My next goal was to write an app that performs malicious activity. Specifically I wanted to steal the smartphones personal identifier (IMEI) and send a text message without giving any indication to the user. As it turns out the Android API has built in capabilities to perform both of those tasks. The only caveat is the user has to be informed at install time that I want access to these clearly potentially dangerous capabilities.  Whenever a user installs an Android app, they are presented with a list of potentially dangerous capabilities the app requests.  An example install screen is shown below:

I then wondered if malware writers need to somehow bypass this permission model  in some way so the dangerous permissions don’t show up at install. Would having a list of dangerous permissions that would allow an app to steal data and run up fraudulent charges raise a red flag to  average Android users  and deter them from installing an app? I did a search for popular Android apps to take a look at the permissions they request. The general consensus seems to be that the top downloaded Android app of all time is from an obscure company called Facebook. The complete list of permissions the Facebook for Android app requests upon install includes: sending SMS, reading the IMEI, the smartphone’s GPS information, accessing accounts stored on the phone including their credentials, among a long list of others that can be found here. As a sometimes proud member of Facebook since it was for college kids only, I often access Facebook from my computer. Facebook seems to work just fine without sending SMS, knowing my location, or having access to my Gmail password.  It appears that being warned about potentially dangerous permissions does nothing to deter users from installing apps to their Androids. To be fair, the Facebook app comes from a legitimate and well known company. Users have less reason to be wary of Facebook than they would the sort of apps seen in the DroidDream attack. That being said, as we saw in the recent detection of spyware in the CarrierIQ service  installed by default on many smartphone platforms, any service or app can be a potential malware source, even if the developer doesn’t intend for it to be malicious.
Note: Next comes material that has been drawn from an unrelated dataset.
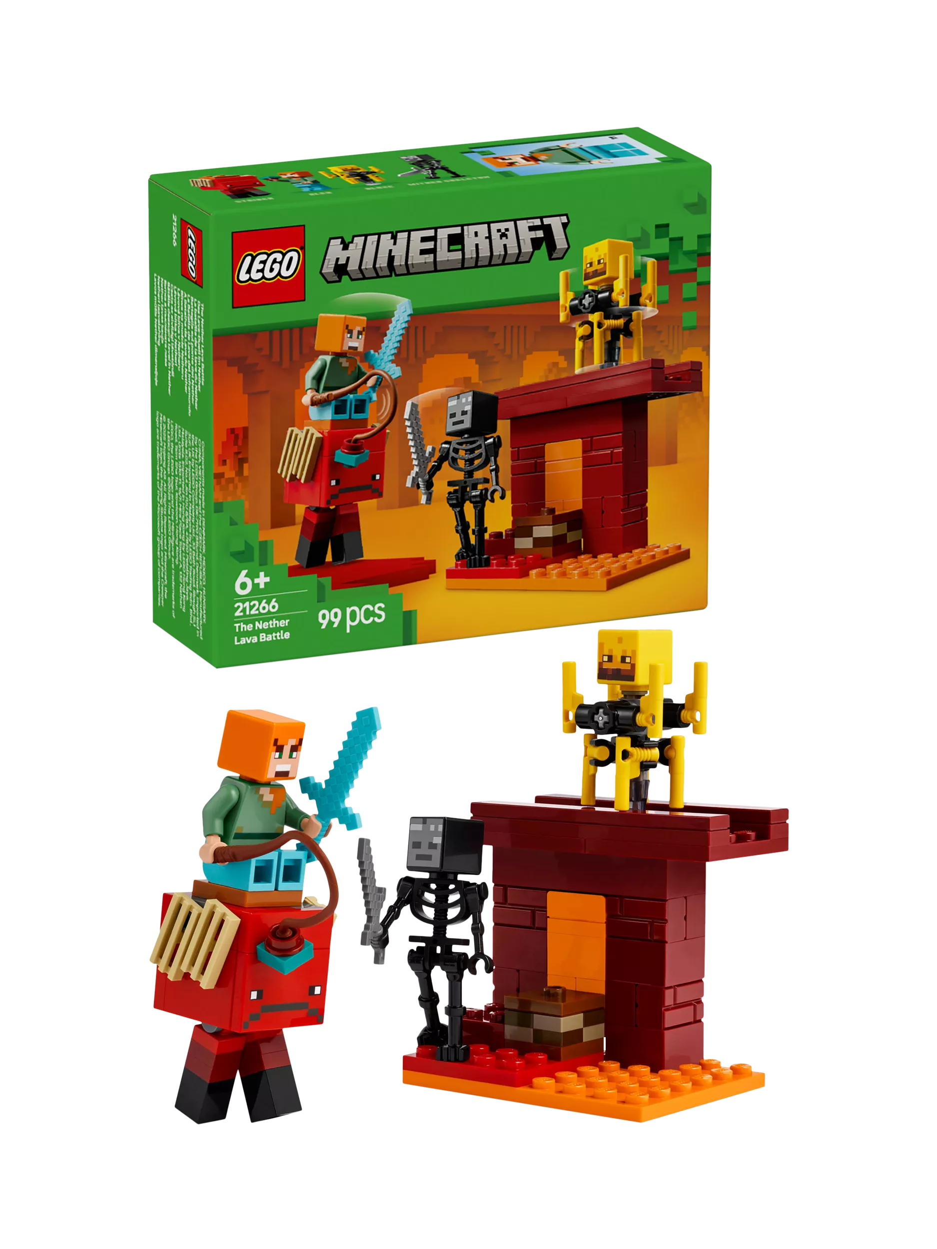 The Nether Lava Battle (21266) is a small LEGO® Minecraft® set that provides a build-and-play version of the popular video game. This versatile Minecraft activity set features popular gaming figures, fun features and endless action, making it the perfect treat for kids aged 6 and over.

Now that I knew I could just use the Android API’s permission model to make my malicious app, I went about writing it. I thought I would have to search through the Android Development manager to find out the correct code for what I wanted to do. As it turned out, a quick Google search for “Send SMS Android App” or “Access IMEI Android App” revealed several other curious developers asking for and providing the code snippets I needed.  For example the code to send an SMS transparently to the user is only a two lines long:

SmsManager sm = SmsManager.getDefault();
sm.sendTextMessage(number, null, message, null, null);

where number is the phone number to send the SMS to, and message is the message to send.  By requesting the right permissions I was able to quickly and easily build an app that accessed private data and sent it to another phone through SMS. The SMS does not appear in the user’s sent folder, so users receive no indication that the message has been sent.

My demo app in action video:

My last task was to see about getting my proof of concept app to the Android market. Using a Gmail account that didn’t link back to my real name I was able to sign up, and I used someone else’s credit card (with permission) to sign up. This leads me to believe it is possible for a malware author to leave no trace of her true identity on an app. I didn’t actually publish my app to the market, but other researchers have already proven that a malicious app is automatically published to the Android market upon upload.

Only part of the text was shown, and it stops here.